Description
This crab is also also commonly known as the European shore crab. C. maenas can live in all types of protected and semi-protected marine and estuarine habitats, including habitats with mud, sand, or rock substrates, submerged aquatic vegetation, and emergent marsh, although soft bottoms are preferred. It can withstand wide ranges of salinity and temperatures.
Where did they come from?
It is native to European Atlantic waters and the Baltic Sea, with temperatures of between -2 and 12oC. It has colonised habitats in Australia, South Africa, South America and both Atlantic and Pacific coasts of North America.

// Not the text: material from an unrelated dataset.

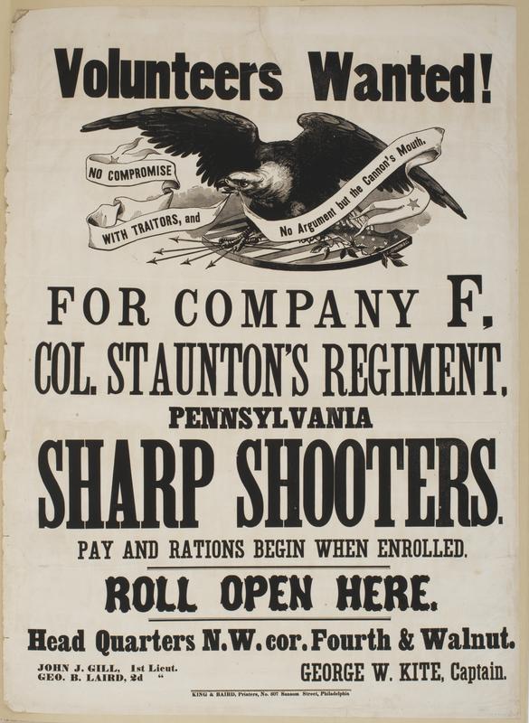 Volunteers wanted! For Company F, Col. Staunton's regiment, Pennsylvania sharp shooters. : Pay and rations begin when enrolled. Roll open here. Head quarters N.W. cor. Fourth & Walnut. / John J. Gill, 1st Lieut. Geo. B. Laird, 2d " George W. Kite, Captain.

Where are they found in Australia?
In Australia, C. maenas was first reported in Port Phillip Bay, Victoria in 1902. It has since spread along the south-eastern and south-western seaboards, reaching New South Wales in 1971, South Australia in 1976 and Tasmania in 1993 and has also been found in Western Australia.
How was it introduced?
C. maenas has the ability to disperse by a variety of mechanisms, including ballast water, ships' hulls, packing materials (seaweeds) used to ship live marine organisms, bivalves moved for aquaculture, rafting, migration of crab larvae on ocean currents, and the movement of submerged aquatic vegetation for coastal zone management initiatives. The Green crab most likely found its way to Victoria during the 1850s, when old lumber ships visited Port Phillip Bay to unload passengers heading for the gold fields.
What is its impact?
It is a large, active predatory crab that matures at two to three years of age, breeds up to three times within a year and lives up to five years. A female Green crab may carry up to 200,000 fertilised eggs. underneath their abdomen. They grow quickly and can grow to reach about 9 cm in width,
They feedi mostly on plants and soft-shelled animals when small ( less than3 cm) and hard-shelled animals, such as crustaceans, molluscs and polychaetes, as they grow larger. In Australia they may have a great impact including direct impacts on prey species, indirect effects on species competing for the same prey, and indirect impacts on nutrient availability (by removing bivalves which filter algae and larvae).
How is it controlled?
Currently, the only control measure implemented for green crabs is their physical removal. Traps are used, yielding catches of up to 430 crabs per trap. In Australia it is preyed on by larger species of crab.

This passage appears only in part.